# TASK INPUTS
== Segment start ==

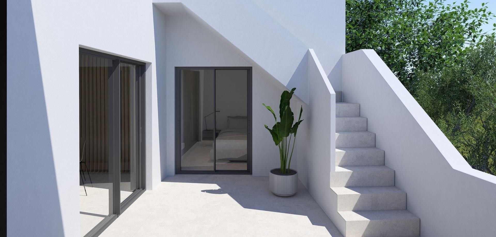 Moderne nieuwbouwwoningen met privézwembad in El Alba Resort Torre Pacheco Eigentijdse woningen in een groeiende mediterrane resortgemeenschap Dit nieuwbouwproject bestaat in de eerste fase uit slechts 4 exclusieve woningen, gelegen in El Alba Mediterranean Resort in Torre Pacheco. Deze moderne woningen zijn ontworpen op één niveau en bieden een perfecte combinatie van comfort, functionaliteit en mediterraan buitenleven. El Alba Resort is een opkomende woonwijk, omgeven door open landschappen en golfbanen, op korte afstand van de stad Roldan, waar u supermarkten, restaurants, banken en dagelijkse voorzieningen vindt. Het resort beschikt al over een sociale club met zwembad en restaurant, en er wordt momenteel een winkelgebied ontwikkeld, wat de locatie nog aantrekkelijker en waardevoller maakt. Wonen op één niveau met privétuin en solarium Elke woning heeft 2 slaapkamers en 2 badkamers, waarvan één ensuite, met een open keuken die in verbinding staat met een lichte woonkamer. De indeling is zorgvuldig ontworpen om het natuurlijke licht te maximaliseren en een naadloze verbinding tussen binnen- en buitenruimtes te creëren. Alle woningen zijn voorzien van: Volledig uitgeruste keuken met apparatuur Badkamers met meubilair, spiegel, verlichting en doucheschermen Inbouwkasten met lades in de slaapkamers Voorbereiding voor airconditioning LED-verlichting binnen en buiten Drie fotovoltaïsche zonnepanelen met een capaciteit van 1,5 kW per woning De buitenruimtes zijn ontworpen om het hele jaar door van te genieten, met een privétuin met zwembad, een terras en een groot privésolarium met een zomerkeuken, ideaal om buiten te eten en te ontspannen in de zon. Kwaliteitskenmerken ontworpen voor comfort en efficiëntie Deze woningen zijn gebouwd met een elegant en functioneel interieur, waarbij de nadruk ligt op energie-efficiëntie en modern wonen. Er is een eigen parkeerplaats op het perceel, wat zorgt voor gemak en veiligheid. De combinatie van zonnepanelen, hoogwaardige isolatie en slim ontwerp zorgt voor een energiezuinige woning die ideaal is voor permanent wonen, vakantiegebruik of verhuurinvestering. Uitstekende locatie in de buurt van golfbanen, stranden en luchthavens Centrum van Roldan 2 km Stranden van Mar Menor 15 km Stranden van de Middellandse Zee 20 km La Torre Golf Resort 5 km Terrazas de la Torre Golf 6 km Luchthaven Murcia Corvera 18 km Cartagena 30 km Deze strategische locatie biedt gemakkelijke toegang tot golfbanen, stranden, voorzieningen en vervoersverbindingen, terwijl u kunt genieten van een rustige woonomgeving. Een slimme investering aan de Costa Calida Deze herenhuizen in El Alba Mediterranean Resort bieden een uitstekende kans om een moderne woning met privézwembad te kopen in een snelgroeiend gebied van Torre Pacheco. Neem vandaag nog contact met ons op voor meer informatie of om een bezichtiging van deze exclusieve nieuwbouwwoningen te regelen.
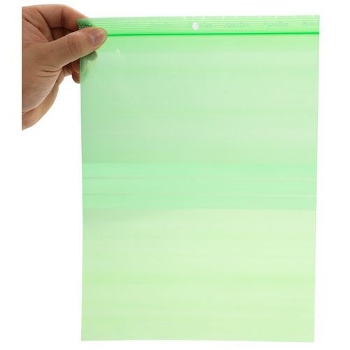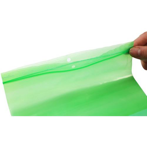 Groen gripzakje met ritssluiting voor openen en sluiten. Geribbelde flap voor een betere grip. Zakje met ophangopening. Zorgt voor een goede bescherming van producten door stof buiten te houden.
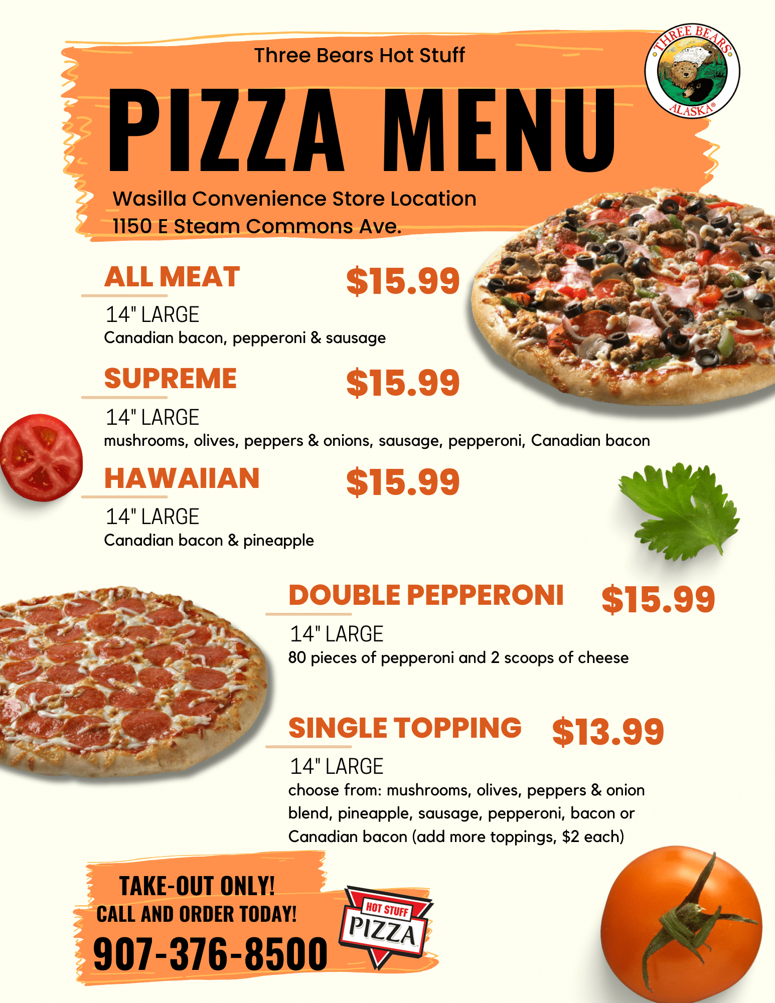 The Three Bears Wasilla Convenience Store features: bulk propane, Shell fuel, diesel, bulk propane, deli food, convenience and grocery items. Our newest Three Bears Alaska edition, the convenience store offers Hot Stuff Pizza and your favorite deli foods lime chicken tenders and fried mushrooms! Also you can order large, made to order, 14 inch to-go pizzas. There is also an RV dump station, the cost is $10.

== Segment end ==
== Segment start ==

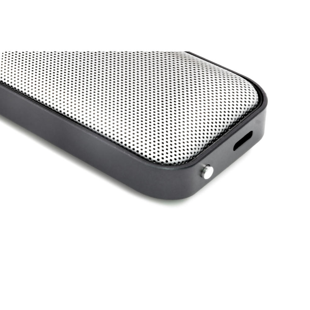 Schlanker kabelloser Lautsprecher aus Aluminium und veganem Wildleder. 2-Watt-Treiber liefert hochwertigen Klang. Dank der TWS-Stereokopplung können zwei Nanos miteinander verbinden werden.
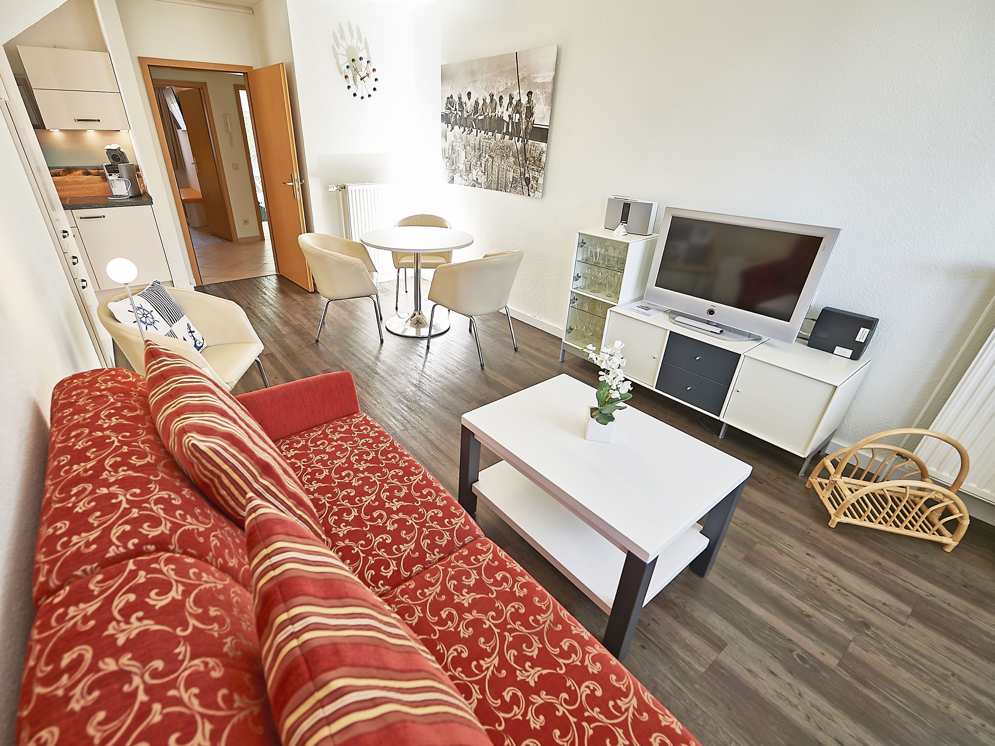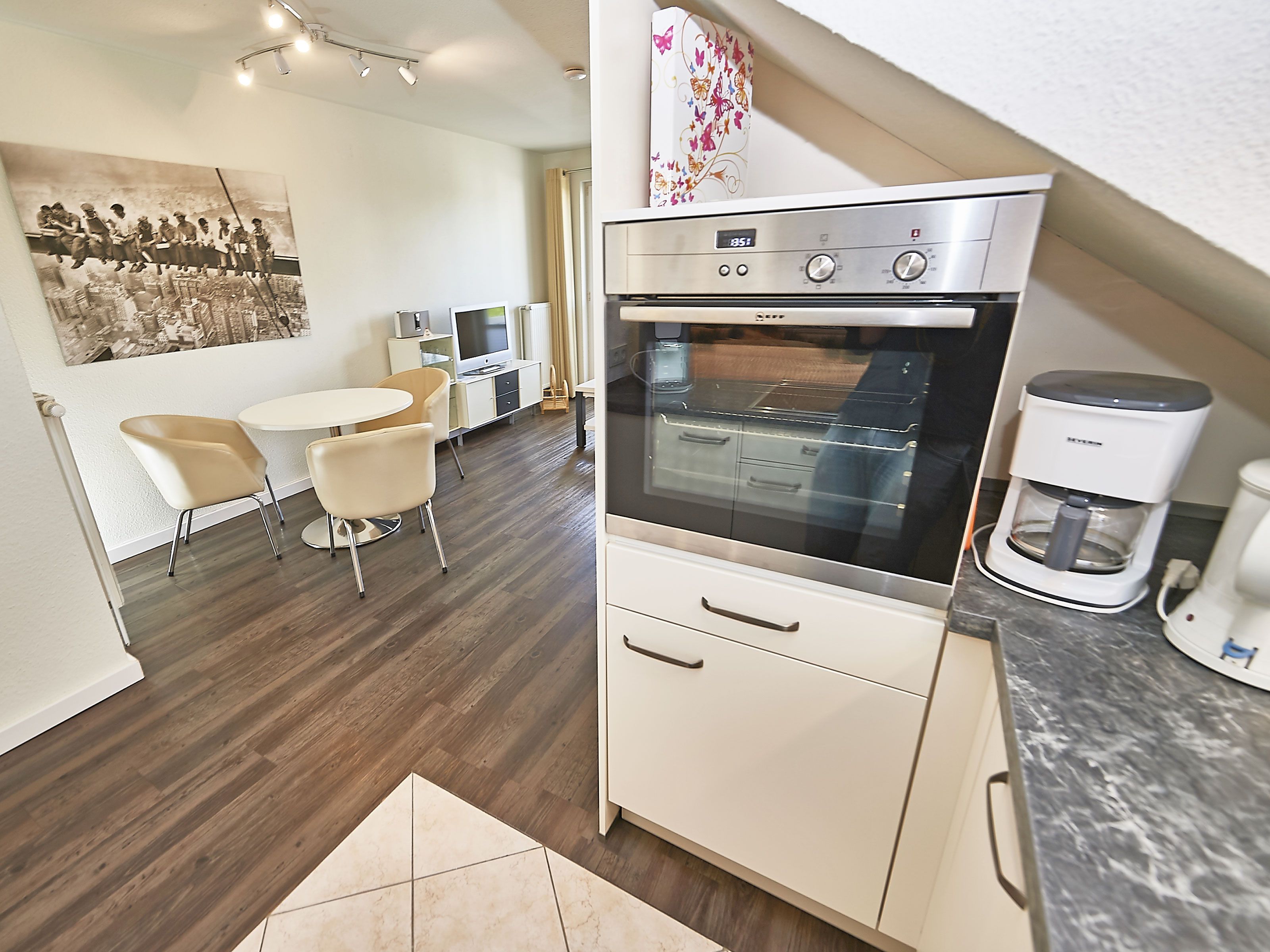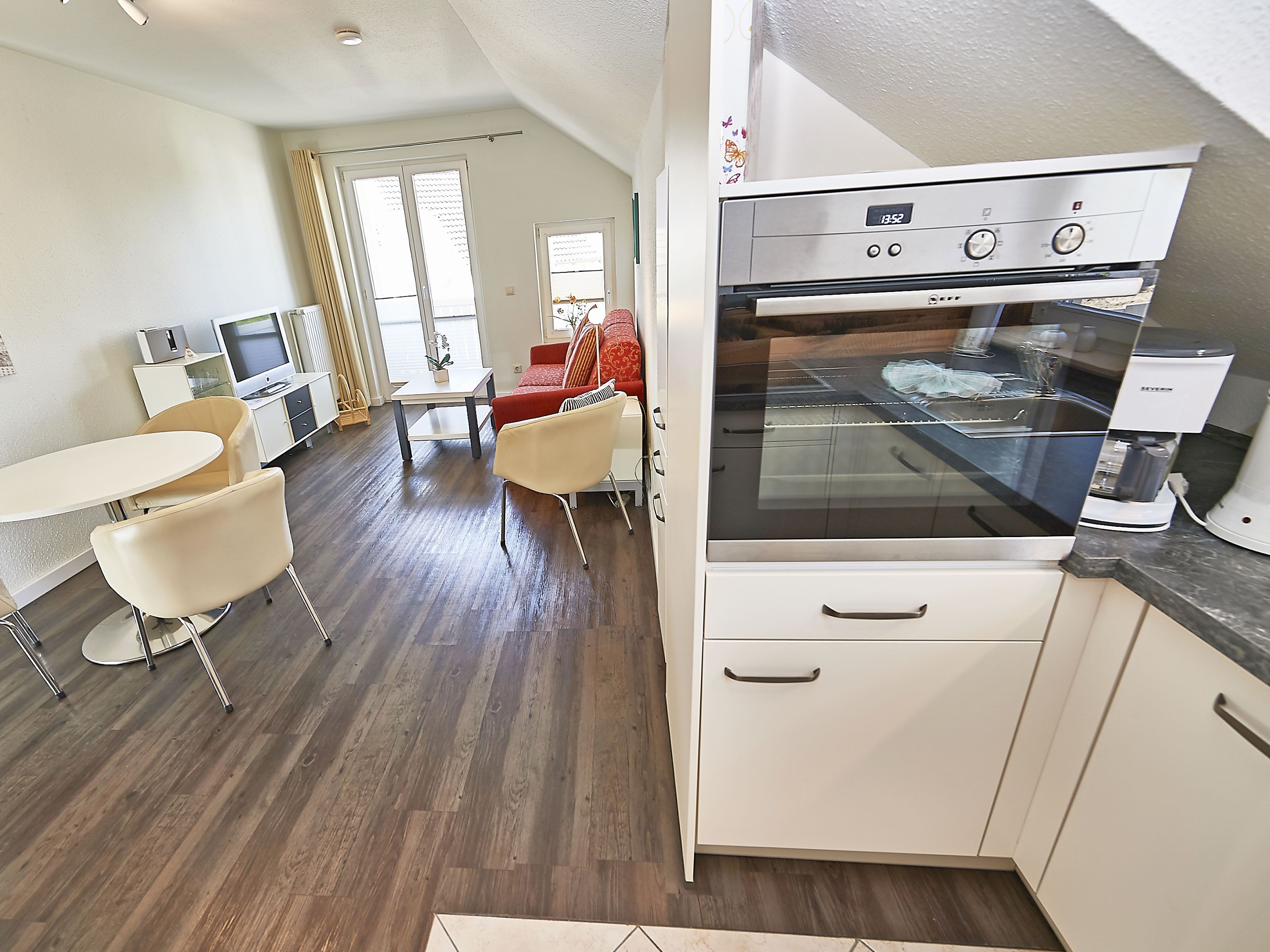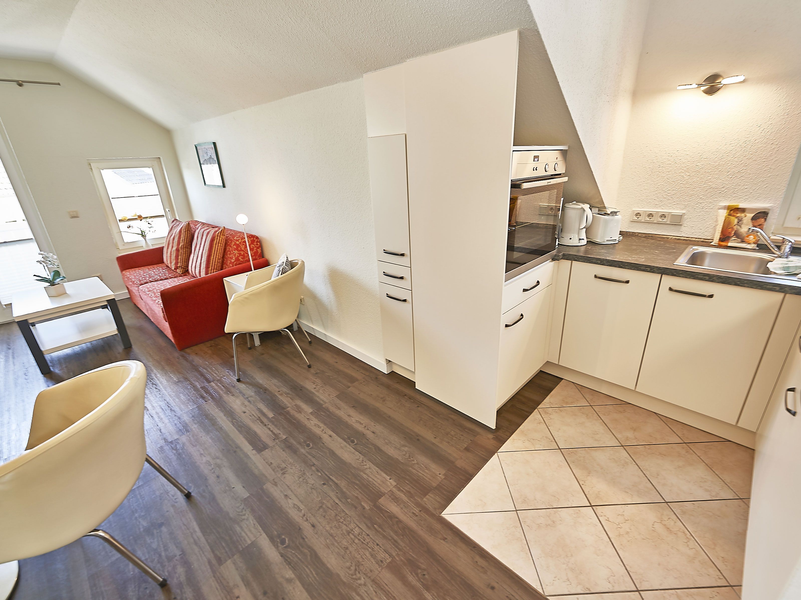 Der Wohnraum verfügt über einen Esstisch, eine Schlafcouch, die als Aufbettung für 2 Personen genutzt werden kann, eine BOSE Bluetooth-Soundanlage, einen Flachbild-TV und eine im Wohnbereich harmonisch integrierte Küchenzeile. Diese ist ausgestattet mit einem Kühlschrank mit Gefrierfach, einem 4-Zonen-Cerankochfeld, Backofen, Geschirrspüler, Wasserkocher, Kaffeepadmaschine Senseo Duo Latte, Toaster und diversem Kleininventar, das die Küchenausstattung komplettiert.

== Segment end ==

# EXERCISE
Using the listing above, reproduce word for word every line from the one containing "Schlanker kabelloser Lautsprecher" through the one containing "Der Wohnraum verfügt". Pictures must be left out.

# EXERCISE ANSWER
 Schlanker kabelloser Lautsprecher aus Aluminium und veganem Wildleder. 2-Watt-Treiber liefert hochwertigen Klang. Dank der TWS-Stereokopplung können zwei Nanos miteinander verbinden werden.
 Der Wohnraum verfügt über einen Esstisch, eine Schlafcouch, die als Aufbettung für 2 Personen genutzt werden kann, eine BOSE Bluetooth-Soundanlage, einen Flachbild-TV und eine im Wohnbereich harmonisch integrierte Küchenzeile. Diese ist ausgestattet mit einem Kühlschrank mit Gefrierfach, einem 4-Zonen-Cerankochfeld, Backofen, Geschirrspüler, Wasserkocher, Kaffeepadmaschine Senseo Duo Latte, Toaster und diversem Kleininventar, das die Küchenausstattung komplettiert.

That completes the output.